GIVEN DATA
"""

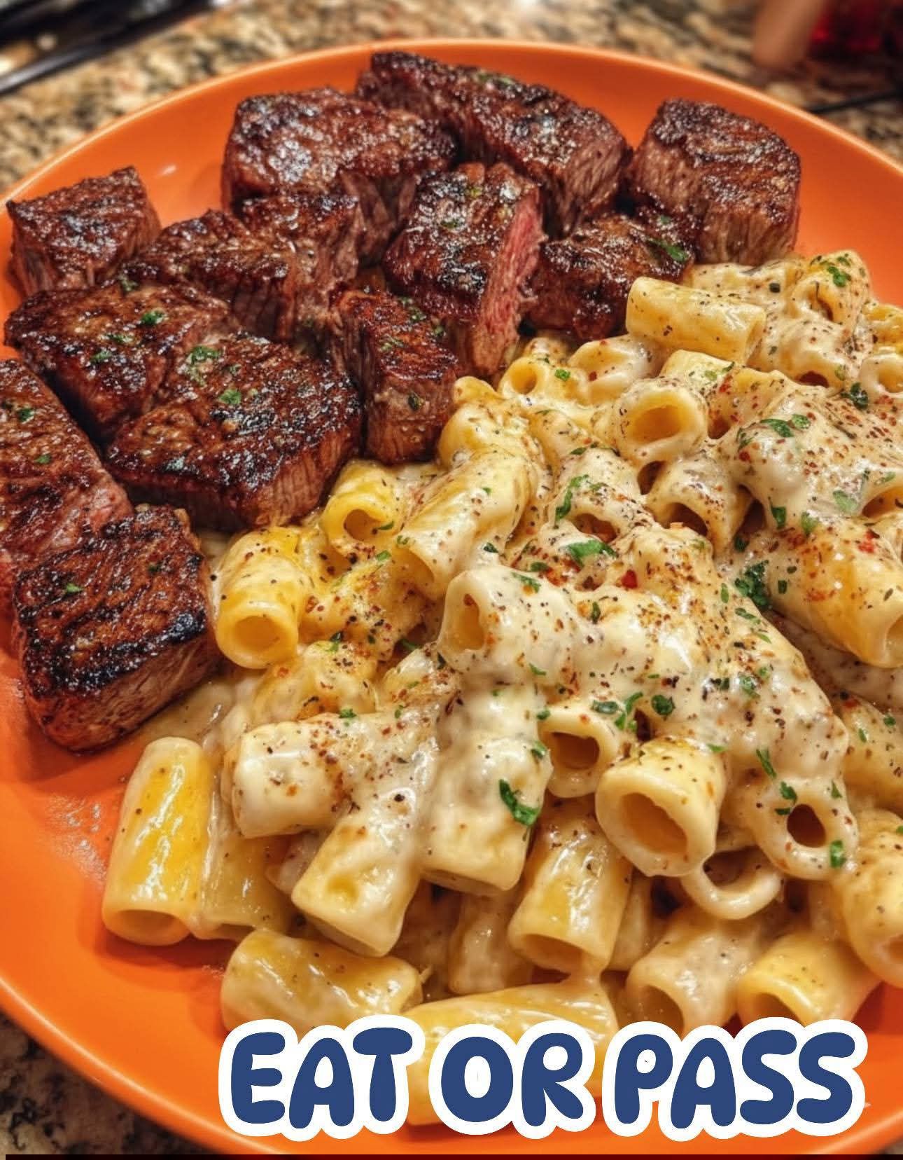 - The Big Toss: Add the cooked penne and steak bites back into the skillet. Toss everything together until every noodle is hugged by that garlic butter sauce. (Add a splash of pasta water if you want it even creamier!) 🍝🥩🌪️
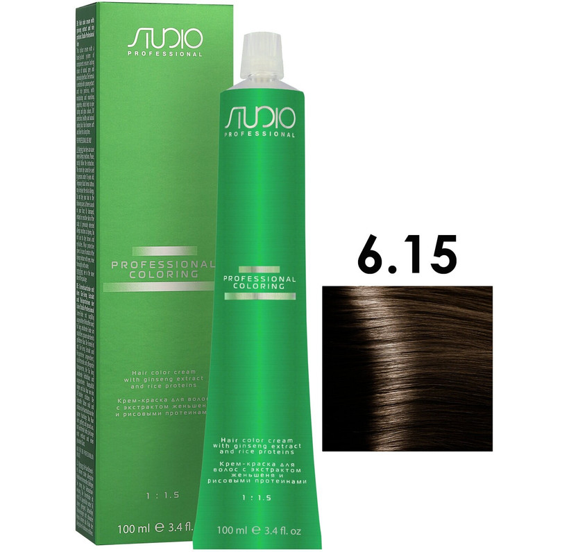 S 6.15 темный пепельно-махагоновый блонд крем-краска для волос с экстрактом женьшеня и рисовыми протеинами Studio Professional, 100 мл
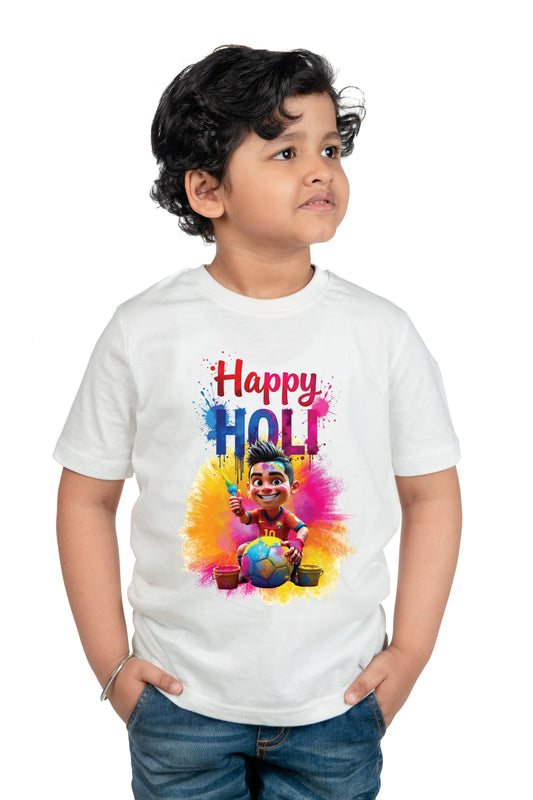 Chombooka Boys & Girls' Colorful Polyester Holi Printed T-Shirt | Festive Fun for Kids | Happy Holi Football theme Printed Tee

"""

YOUR OBJECTIVE
Everything in the listing, except its images, should be set down exactly.

TASK RESULT
 - The Big Toss: Add the cooked penne and steak bites back into the skillet. Toss everything together until every noodle is hugged by that garlic butter sauce. (Add a splash of pasta water if you want it even creamier!) 🍝🥩🌪️
 S 6.15 темный пепельно-махагоновый блонд крем-краска для волос с экстрактом женьшеня и рисовыми протеинами Studio Professional, 100 мл
 Chombooka Boys & Girls' Colorful Polyester Holi Printed T-Shirt | Festive Fun for Kids | Happy Holi Football theme Printed Tee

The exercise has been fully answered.